In what is becoming increasingly common, last month an "intersection takeover" took place in Orange County, Fla. For those who don't know, an intersection takeover is when a large mob uses their vehicles to commandeer an entire intersection, street, or block, during which time they do donuts, start fires, and generally terrorize innocent drivers just trying to go about their day.

Advertisement

Police have posted pictures of some of the suspects, who were dumb enough to record and post their activities. Looking at their pictures is like looking at the Grand Marshall finalists for the Incel Pride Parade. Gee, Larry, which one looks like the biggest loser to you? I dunno, Chuck, it's so hard to decide — they're all so qualified!

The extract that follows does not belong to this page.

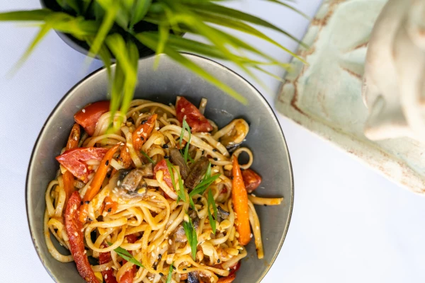 Паста Фетучини, Курица, Шампиньоны, Сливки, Черри, Базилик, Пармезан.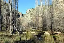 - Detalle de puente de madera a la entrada a los Estrechos del Cañamar, Ruta de los Estrechos del Ebrón, en Tormón (Teruel).

Now, I reject the phrase "toxic masculinity" outright, because it's simply a scare tactic harnessed by the left to attack any and all conceptualizations or displays of masculinity, whether toxic or not. But fellas, let's be honest: there are plenty of biological males out there who aren't making a good case for the rest of us. We expect feminists to call out their own when the situation warrants, and we should be willing to do it to ourselves as well. And if there is one group of "men" — and I use that term in the loosest sense possible — whose behavior is so obnoxious, so annoying, and so unmasculine that it sullies the rest of us by association, it's these "Fast and Furious" wannabes.

Women, please know that these petty little punks don't represent all men, and they irritate us just as much as they irritate you. Unfortunately, they are just the tip of the iceberg of a larger problem affecting some men, i.e. the mistaken belief that a loud, fast car is an indication of masculinity. It's not, nor is it an acceptable substitute. It's an attempt to compensate, whether for a lack of confidence or a lack of something else. And it's pitifully transparent.

Advertisement

Nor do you need to take over an intersection to prove your social impotency. Chances are you do it dozens of times a day without even realizing it. Are you the guy who tears through residential neighborhoods with your unnecessarily loud muffler? Are you the guy who weaves aggressively in and out of traffic to speed all the way to the next stoplight? Are you the guy who uses the expressway as your own personal racetrack? Are you the guy who actually spent your parents’ money own money decking out the dashboard of your Corolla to look like an F1 stock car? Yeah, then you're the "men" I'm talking about. You're not tough; you're a societal pest. And you're not impressing anyone.

You know who you're really not impressing? The ladies. How do we know? Because you never have a girlfriend with you in the passenger seat. You're always alone. Even with the backward hat and the sunglasses and the vape mod, you're alone. Even with the scraggly, unkempt facial hair that you grow to convince everyone you've hit puberty, you're alone. Golly, it must be frustrating. The Vin Diesels and Paul Walkers of the world get all the Michelle Rodriguezes and Jordana Brewsters. Darn it, why can't you?

Because real women want real men, kid, and you ain't it.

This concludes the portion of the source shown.